→ **Aim of the exercise**:
After locating the line that holds "A child plays", copy that line and all that follow it word for word through the end of the data, with no pictures.

→ **Stored dataset items**:
=== Section Start ===
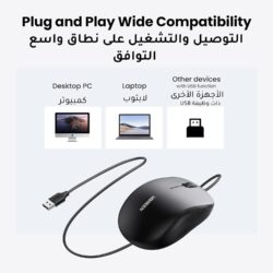 In conclusion, the UGREEN 90789 Wired Mouse stands as a testament to UGREEN’s commitment to innovation, quality, and user-centric design. With its ergonomic excellence, precision performance, plug and play convenience, enhanced stability, and wide compatibility, this mouse redefines the standards of productivity and comfort in the digital age. Elevate your computing experience with the UGREEN 90789 Wired Mouse and unlock new levels of efficiency and satisfaction.
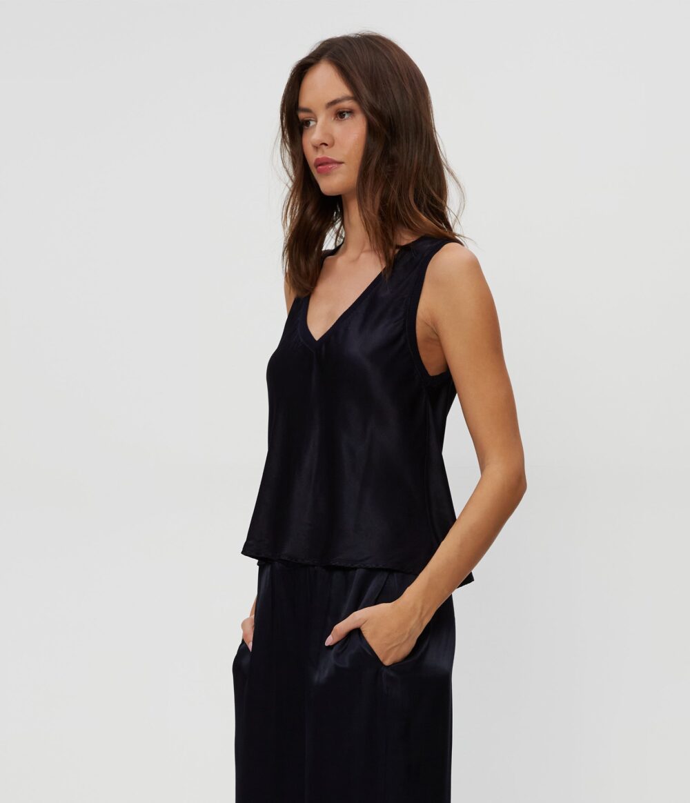 Liz Satin V Neck Tank – Nocturnal
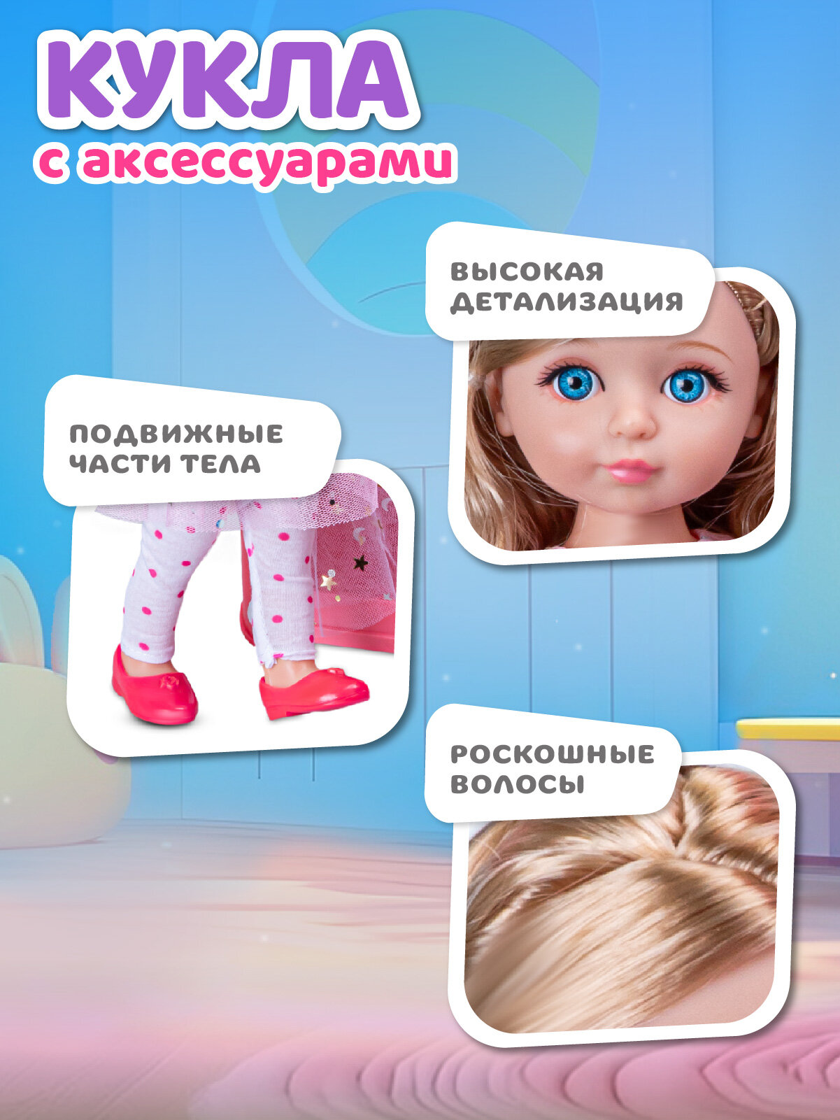 Большая кукла с аксессуарами подойдет для девочек от 3 лет и станет отличным подарком на день рождения, Новый год или другой праздник. Детский набор подарит ребёнку множество часов увлекательной игры, а также поможет развить навыки заботы и ухода, творческое мышление и мелкую моторику. Рост куклы – 30 см
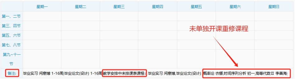 在“学期理论课表”中开课周次为“3-10”、“4-11”、“3-5”或“7-9”周并安排了上课时间和地点的重修课程。如下图所示:
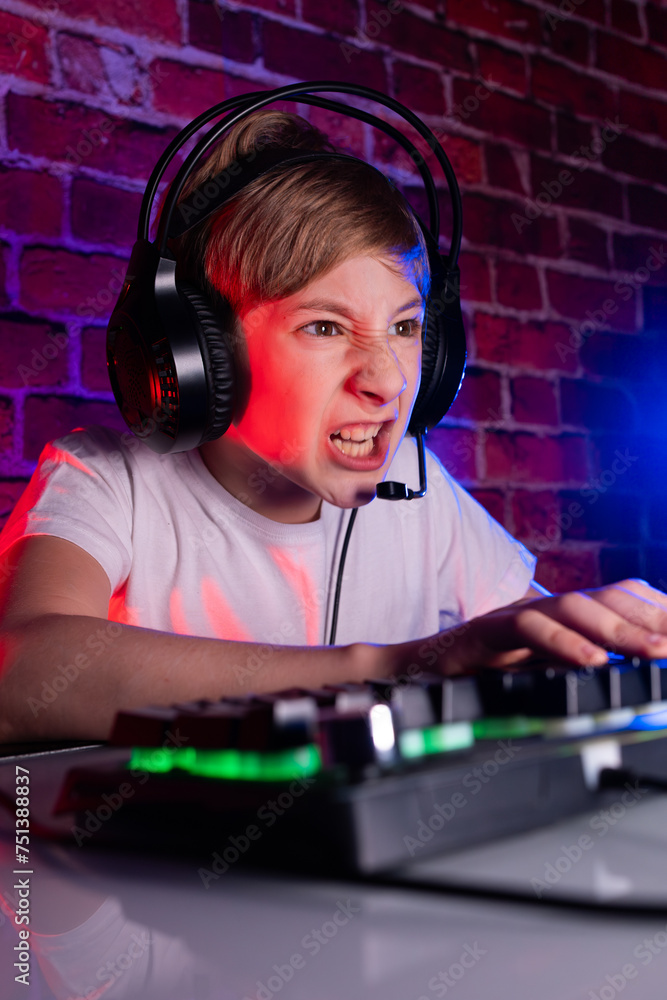 A child plays video games in front of a keyboard. A gamer boy plays computer games against a neon lit brick wall.
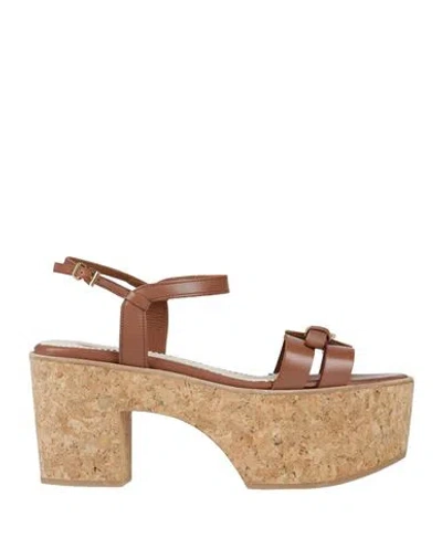 Woman Sandals Beige Size 9 Leather, Textile Fibers In Neutral
=== Section End ===
→ **Exercise output**:
 A child plays video games in front of a keyboard. A gamer boy plays computer games against a neon lit brick wall.
 Woman Sandals Beige Size 9 Leather, Textile Fibers In Neutral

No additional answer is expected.